Discussion on the Hindu Code after return of the Bill from the Select Committee (11th February 1949 to 14th December 1950) - Page 433

418 DR. BABASAHEB AMBEDKAR : WRITINGS AND SPEECHES

I come from a province which is not in the South. It is a backward province, educationally, culturally—call whatever you like that benighted backward province of Bengal. I know of the domestic conditions of the families inhabiting there. Go to any Hindu household in Bengal you will find that besides the sons, daughters, and other natural heirs, all manner of relations, sisters’ sons, nephews, nieces, maternal uncles’ sons, uncles’ daughters, all knit together and maintained in the joint family system. They are all regulated and restrained by moral and religious influences. You will find it in almost every household.
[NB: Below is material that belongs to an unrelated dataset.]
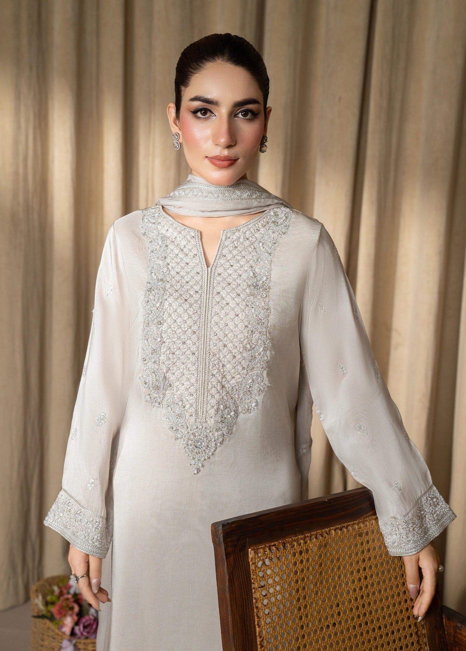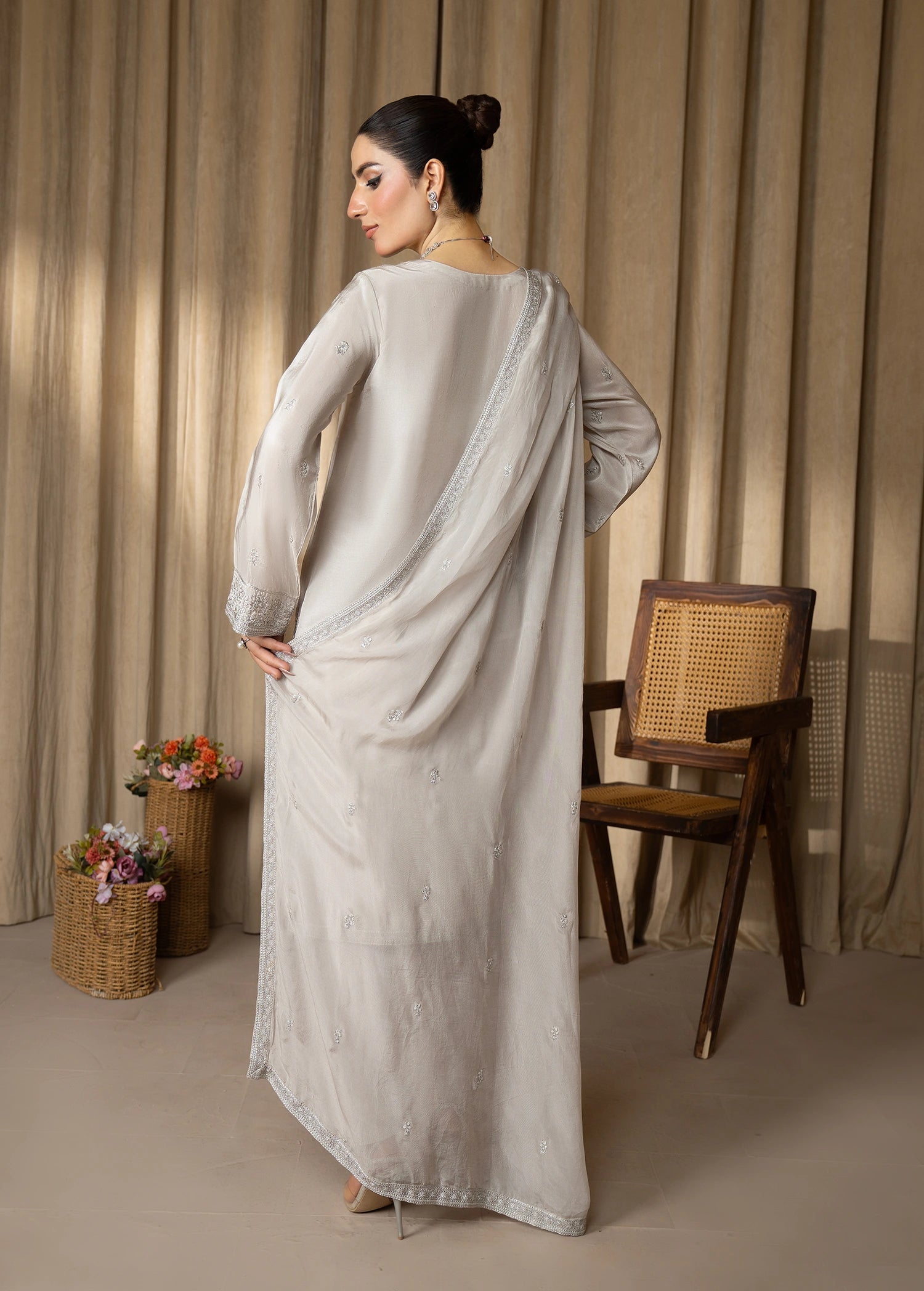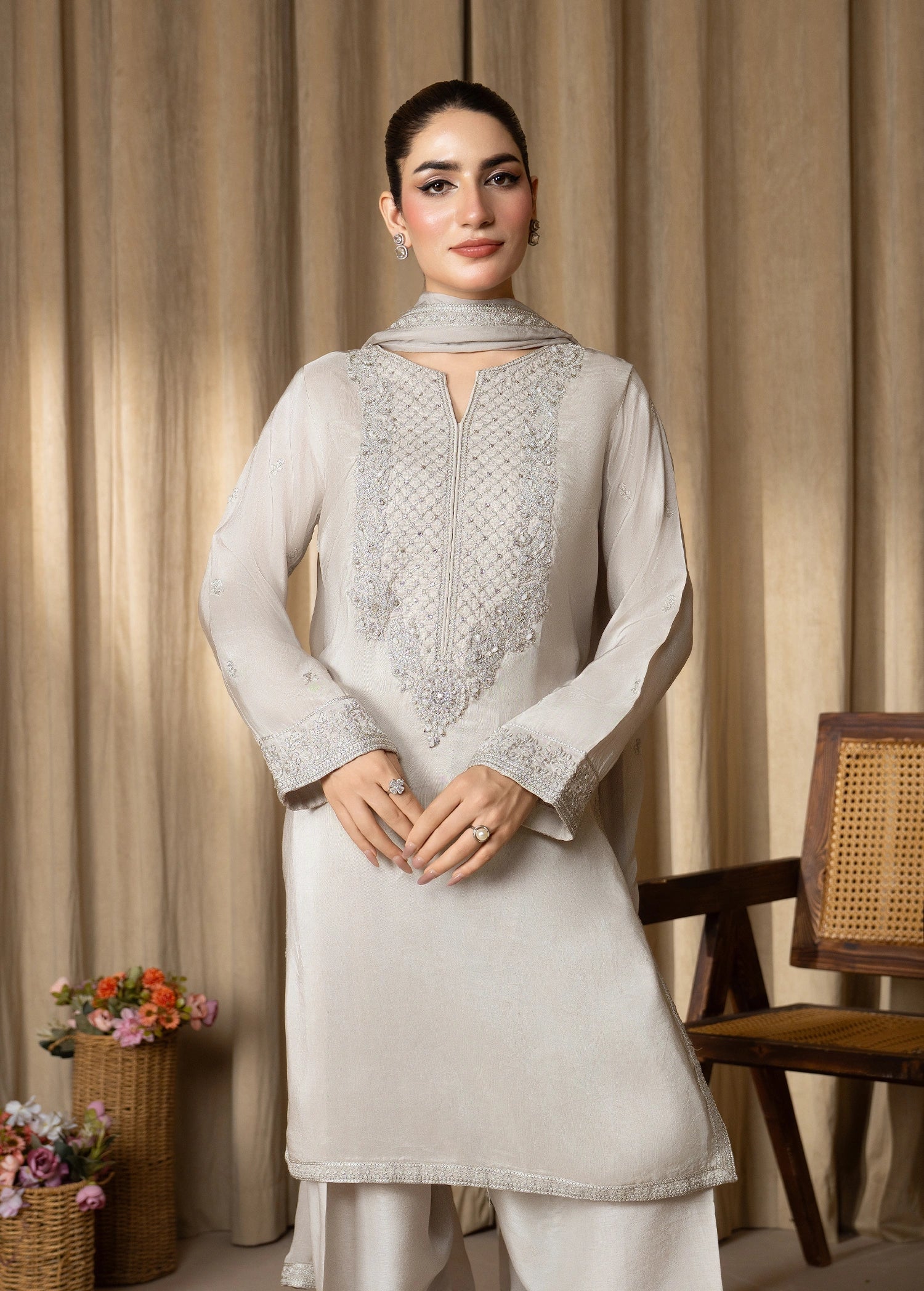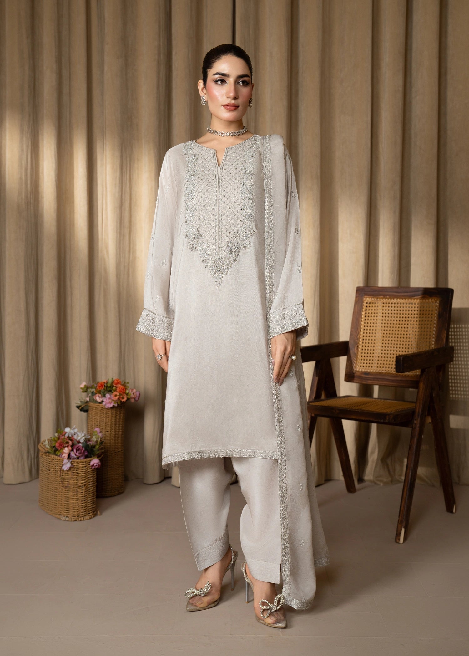 The exquisite silk ensemble features detailed embroidery and delicate hand embellishments on the neckline and sleeves, enhanced with a subtle spray on the sleeves. It is paired with a beautifully embroidered dupatta and a matching shalwar, creating an effortlessly elegant and polished outfit.

The Honourable Dr. B. R. Ambedkar (Minister of Law) : What is the difficulty ?

Pandit Lakshmi Kanta Maitra: I shall tell you where the difficulty is. There is no difficulty for those who have no family of their own. The difficulty happens in this way. For dividing trouble here I shall illustrate with reference to myself. If in my family my sons, daughters, father’s sisters’ daughters and sons, mother’s daughter’s sons and daughters etc. sister’s daughters were to live together and if one of my sons contracts intimacy with his first cousin even when he is a minor or an adolescent, knowing human nature being what it is, do you eliminate the possibility of this attachment growing up and culminating in marriage ? If you do, you are poor students of history, poor students of sociology and poor students of psychology. After all, the call of human flesh is there and no legislation, however omnipotent can root out this natural and powerful impulse in mankind. If you sanction matrimonial unions between blood relations—between closest relations in the household, I shudder to think what would happen to society ? The Honourable Dr. B. R. Ambedkar: Nothing.

Pandit Lakshmi Kanta Maitra : Nothing of course, if you do not care for society ; nothing, of course, if you believe in a kind of society only where there are only social butterflies sucking honey here and there and making merry ; but I am for a society which has attained or will attain for India the position which is her own, the position for which she is respected all the world over. If you throw away all these things, if you put up a sort of Vademecum, a Hindu Code, where you find all sorts of marriages, between first cousins and blood-relations sanctioned, if you legalise all these incestuous marriages the society will be a sink of moral degradation.